Щеки мои пылали, когда он осматривал меня. И я силилась вспомнить, что же со мной произошло и как могло случиться, что я оказалась в России. Я достаточно хорошо помнила всю свою жизнь до этого, то есть до того, как сесть, предположим, в самолет, держащий курс в Россию (хотя я и этого не помнила). Конечно, меня непременно начнут расспрашивать, что меня может связывать с Россией, и мой ответ будет довольно скупым: мой кузен Юрий Александров. Это единственная ниточка, которая связывала меня конкретно с Москвой. Но сказать, что у нас с Юрием есть какие-то дела, – трудно. Вот сколько существует в моей жизни Интернет, столько я и общаюсь с ним. Просто так. Разговоры ни о чем. В самом начале нашего общения, как мне казалось, он пробовал в своих сообщениях, обращенных ко мне, свой английский.

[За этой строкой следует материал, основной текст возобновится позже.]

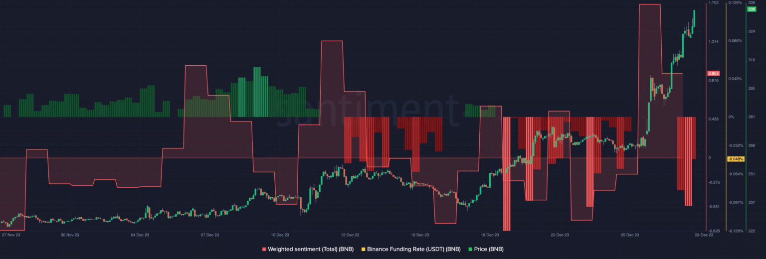 Despite the price increase, traders are bearish on the Binance Coin. According to Santiment data, BNB’s funding rate was -0.048%. Similarly, weighted sentiment also fell to 0.953.
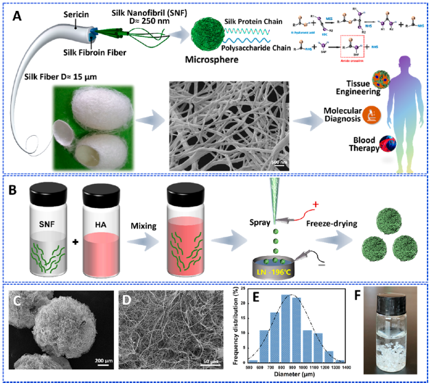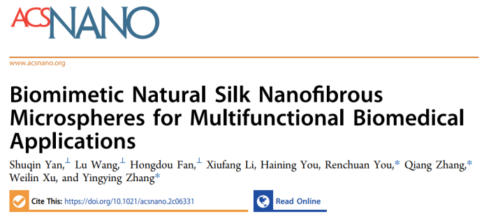 该工作以“Biomimetic Natural Silk Nanofibrous Microspheres for Multifunctional Biomedical Applications”为题发表在《ACS Nano》上,通讯作者为威廉希尔体育尤仁传教授(校特聘教授)、张强教授和清华大学张莹莹教授。
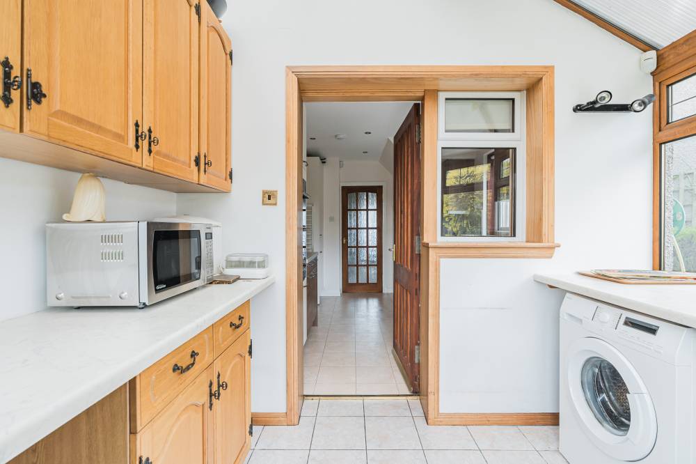 In brief the accommodation comprises entrance vestibule leading to welcoming reception hallway, generously proportioned and bright bay-windowed lounge offering pleasant views, double doors to light and airy dining room, stylish fitted kitchen, well proportioned conservatory with door providing direct access to the rear, useful utility room with door to rear, fantastic sized principal bedroom with bay-window and fitted storage, two further well proportioned bedrooms and family bathroom with three-piece suite and shower over bath. Further benefits include gas central heating and double glazing.
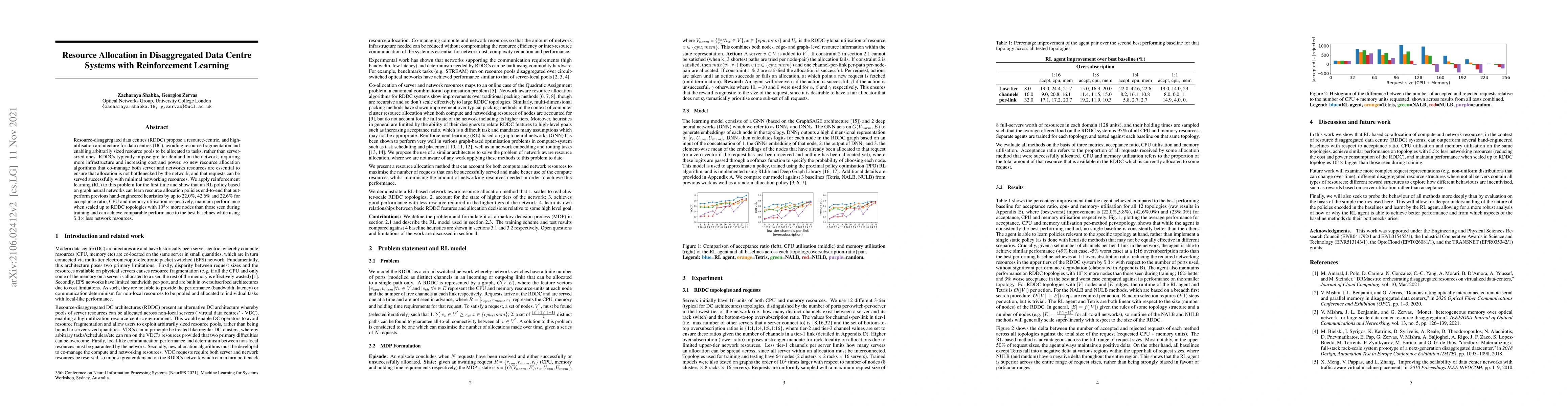 This paper explores reinforcement learning for resource allocation in resource-disaggregated data centres, demonstrating that a graph neural network-based RL policy can outperform traditional heuristics by up to 22.6% in various metrics while using significantly less network resources. The RL approach scales effectively to larger topologies.
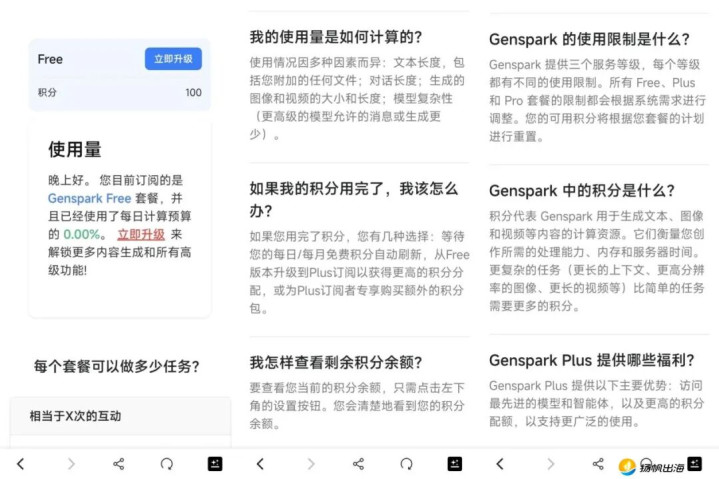 在商业化设计上,Genspark采用“订阅+积分(Credits)”并行的模式。用户通过订阅获取基础使用权限,而具体AI能力的调用,则以积分作为消耗单位进行结算。

Он настолько хорошо в нем преуспел, что потом общался со мной так, как если бы английский был его родным языком. Мы в своих письмах (скорее даже, записочках, которыми обменивались уже в скором времени инерционно, по привычке) говорили о погоде в Лондоне и Москве, сравнивая климат. Когда кто-нибудь из нас отправлялся в путешествие, мы обменивались впечатлениями. Когда нам удавалось прочитать одну и ту же книгу, мы тоже комментировали ее друг другу. Иногда, когда кто-нибудь из нас болел или просто хандрил («Джейн, у меня настоящий английский сплин…» – «Ау меня, Юра, настоящая русская хандра…»), то мы тоже как бы спасались виртуальными разговорами. Причем когда появилась возможность общаться более живо, то есть с помощью видео и звуков, мы все равно предпочитали общаться старым способом – письменными сообщениями. Возможно, это шло от меня, человека более закрытого. Мне не хотелось, чтобы Юрий увидел меня, быть может, растрепанную или в пижаме, на фоне моего кабинета. То есть мне не хотелось впускать в свою жизнь, пусть даже и виртуально, своего кузена. Да и ему, как я поняла, не очень-то хотелось появляться на экране моего монитора. Словом, Интернет шагнул вперед, а мы с Юрием продолжали заниматься эпистолярными упражнениями, считая это наиболее приемлемым для нас.